The problem:
Copy out every line of the data exactly; do not include the images.

= = = = = = =

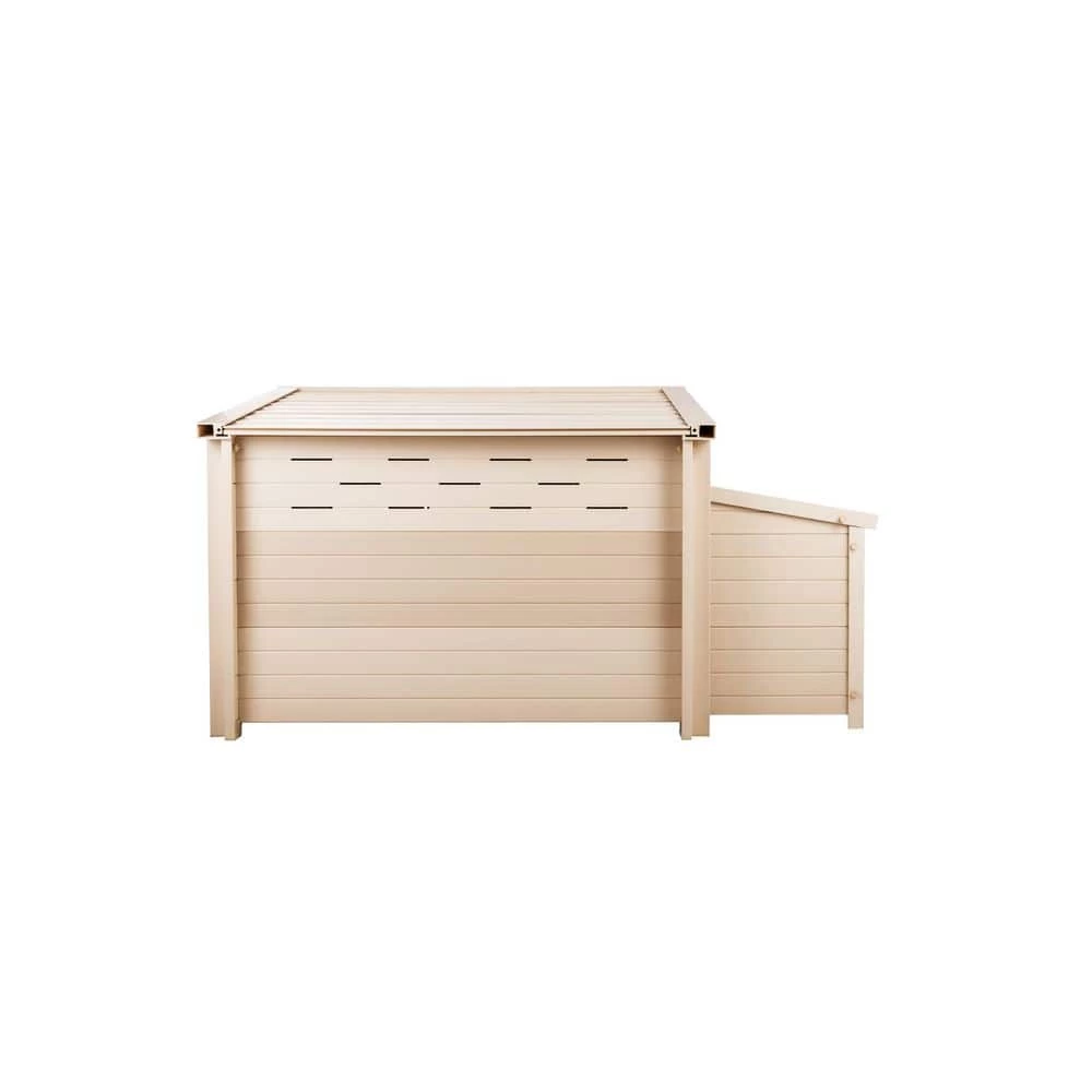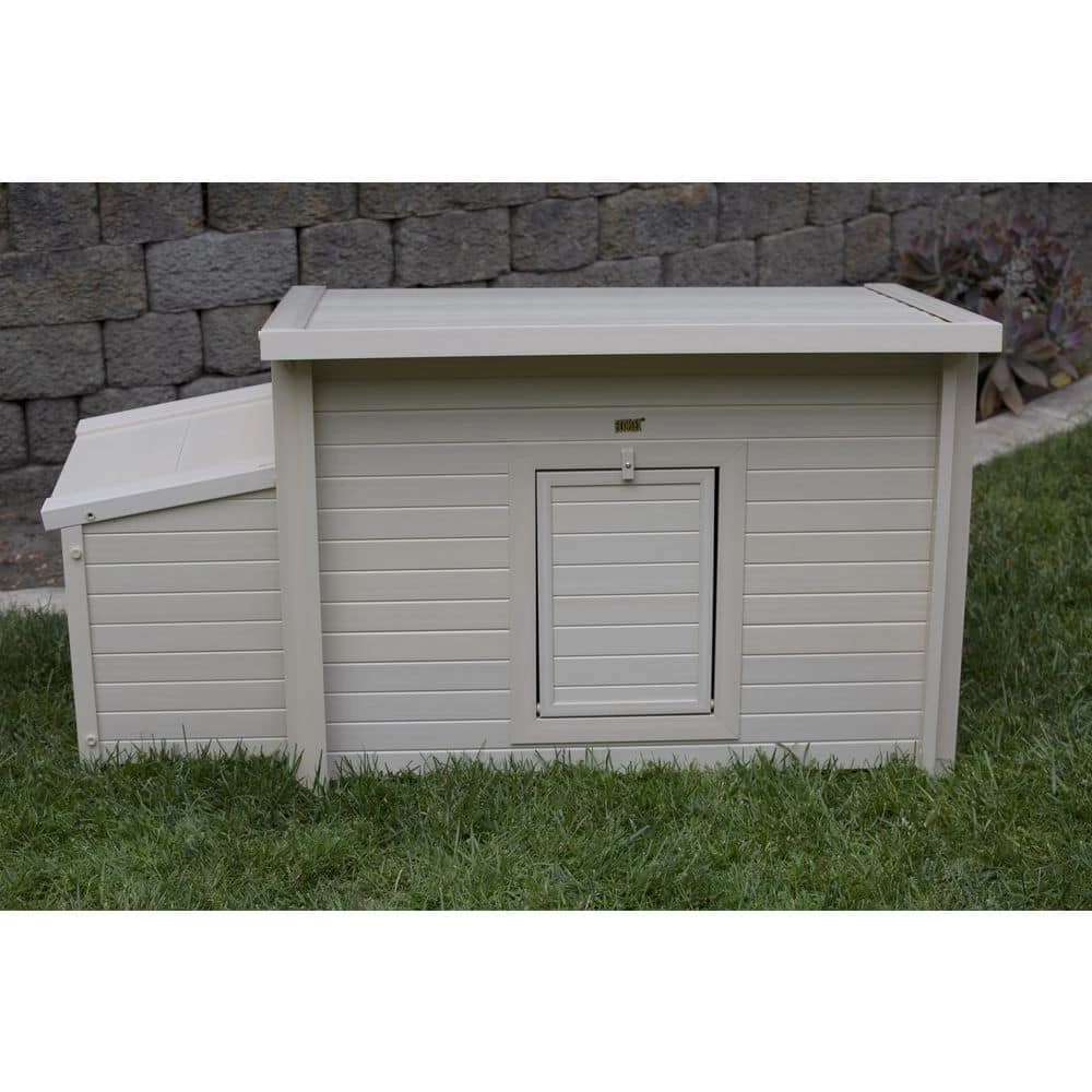 The New Age Pet ECOFLEX Fontana Urban Chicken Barn with Removable Roof is made with ECOFLEX, a proprietary composite blend of recycled polymers and reclaimed wood fiber by-products. The ECOFLEX material is non-toxic, eco-friendly and impervious to moisture and odor, making it the perfect material to keep your pet happy and healthy. All NewAgePet outdoor products are backed by an unrivaled 10-year limited manufacturer warranty. This coop features a side mounted nesting box with hinged lid for easy egg collecting, two roosting bars located in the main body of the coop and a door that acts as a ramp when opened. Available in Maple and Red with Maple trim. Can be used alone, or with our NewAgePet Fontana Pen. NewAgePet products are easy to assemble, easy to clean and easy to LOVE! Long lasting chicken barn to house up to 2-3 birds. Assembled dimensions: 29.4″L x 52.4″W x 29.1″H Inner dimensions: 34.1″L x 21.7″W x 24.8″H Door dimensions: 10″L x 14.75″W
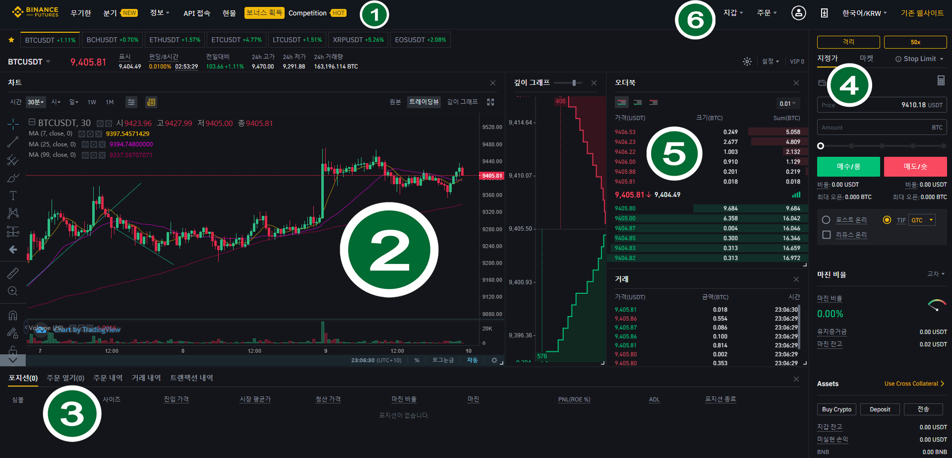 바이낸스 퓨처스/선물 화면 설명
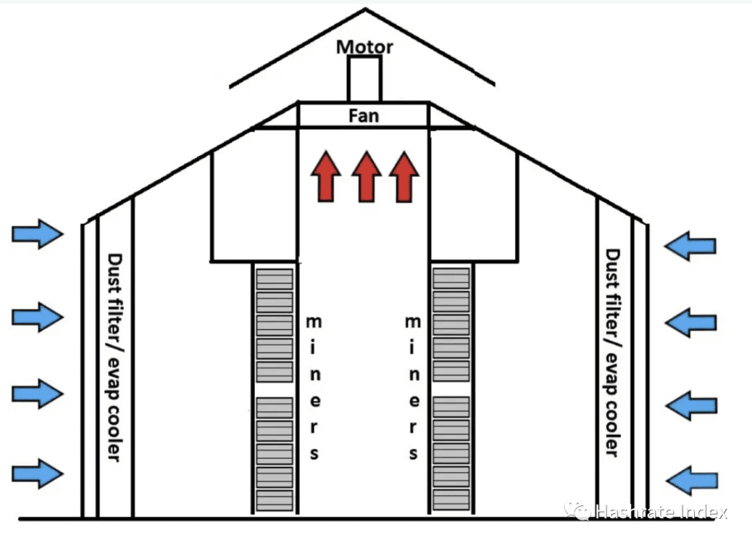 屋顶通风式设计正在逐步普及,现在通常在较大的挖矿设施(>5兆瓦)中可以看到。热空气自然上升,并通过安装在屋顶的排风扇排出建筑物外。这种类型的设计通过允许两侧进气,支持建筑物内更高的矿机部署密度。然而,屋顶通风的建筑物设计通常在建造和维护方面需要更多资金。
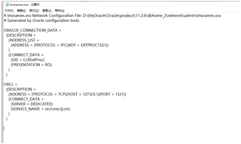 我的Oracle安装在“D:\MyOracle\Oracle\”路径下,因此我的“tnsnames.ora”在
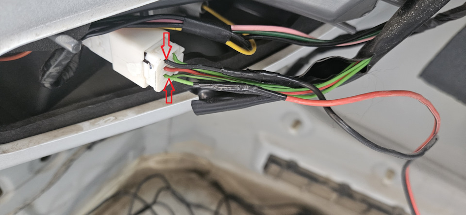 (До этого прошлый хозяин запитывал с этих двух проводов провода на камеру заднего вида).
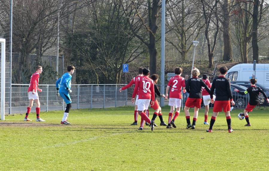 De scheidsrechter was zo sportief onmiddellijk naar het Gouda-veld te komen en met enige vertraging alsnog de wedstrijd te fluiten, waardoor een dertigtal jongens weer hun favoriete sport konden beoefenen. Hulde weer aan onze scheidsrechters, die het elke zaterdag mogelijk maken dat al onze thuisteams hun wedstrijdje kunnen spelen. Gelukkig zat er vandaag wat ruimte in het thuisprogramma, zodat de vertraging geen gevolgen had voor de latere wedstrijden.
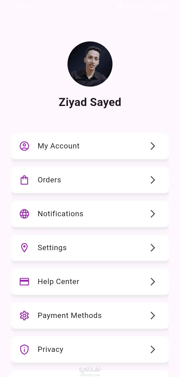 شاشات إدارة حساب المستخدم: تم تطوير شاشة الملف الشخصي التي تسمح للمستخدم بالوصول إلى الإعدادات، الطلبات، طرق الدفع، وغيرها من الخيارات الأساسية.

= = = = = = =

Expected output:
 The New Age Pet ECOFLEX Fontana Urban Chicken Barn with Removable Roof is made with ECOFLEX, a proprietary composite blend of recycled polymers and reclaimed wood fiber by-products. The ECOFLEX material is non-toxic, eco-friendly and impervious to moisture and odor, making it the perfect material to keep your pet happy and healthy. All NewAgePet outdoor products are backed by an unrivaled 10-year limited manufacturer warranty. This coop features a side mounted nesting box with hinged lid for easy egg collecting, two roosting bars located in the main body of the coop and a door that acts as a ramp when opened. Available in Maple and Red with Maple trim. Can be used alone, or with our NewAgePet Fontana Pen. NewAgePet products are easy to assemble, easy to clean and easy to LOVE! Long lasting chicken barn to house up to 2-3 birds. Assembled dimensions: 29.4″L x 52.4″W x 29.1″H Inner dimensions: 34.1″L x 21.7″W x 24.8″H Door dimensions: 10″L x 14.75″W
 바이낸스 퓨처스/선물 화면 설명
 屋顶通风式设计正在逐步普及,现在通常在较大的挖矿设施(>5兆瓦)中可以看到。热空气自然上升,并通过安装在屋顶的排风扇排出建筑物外。这种类型的设计通过允许两侧进气,支持建筑物内更高的矿机部署密度。然而,屋顶通风的建筑物设计通常在建造和维护方面需要更多资金。
 我的Oracle安装在“D:\MyOracle\Oracle\”路径下,因此我的“tnsnames.ora”在
 (До этого прошлый хозяин запитывал с этих двух проводов провода на камеру заднего вида).
 De scheidsrechter was zo sportief onmiddellijk naar het Gouda-veld te komen en met enige vertraging alsnog de wedstrijd te fluiten, waardoor een dertigtal jongens weer hun favoriete sport konden beoefenen. Hulde weer aan onze scheidsrechters, die het elke zaterdag mogelijk maken dat al onze thuisteams hun wedstrijdje kunnen spelen. Gelukkig zat er vandaag wat ruimte in het thuisprogramma, zodat de vertraging geen gevolgen had voor de latere wedstrijden.
 شاشات إدارة حساب المستخدم: تم تطوير شاشة الملف الشخصي التي تسمح للمستخدم بالوصول إلى الإعدادات، الطلبات، طرق الدفع، وغيرها من الخيارات الأساسية.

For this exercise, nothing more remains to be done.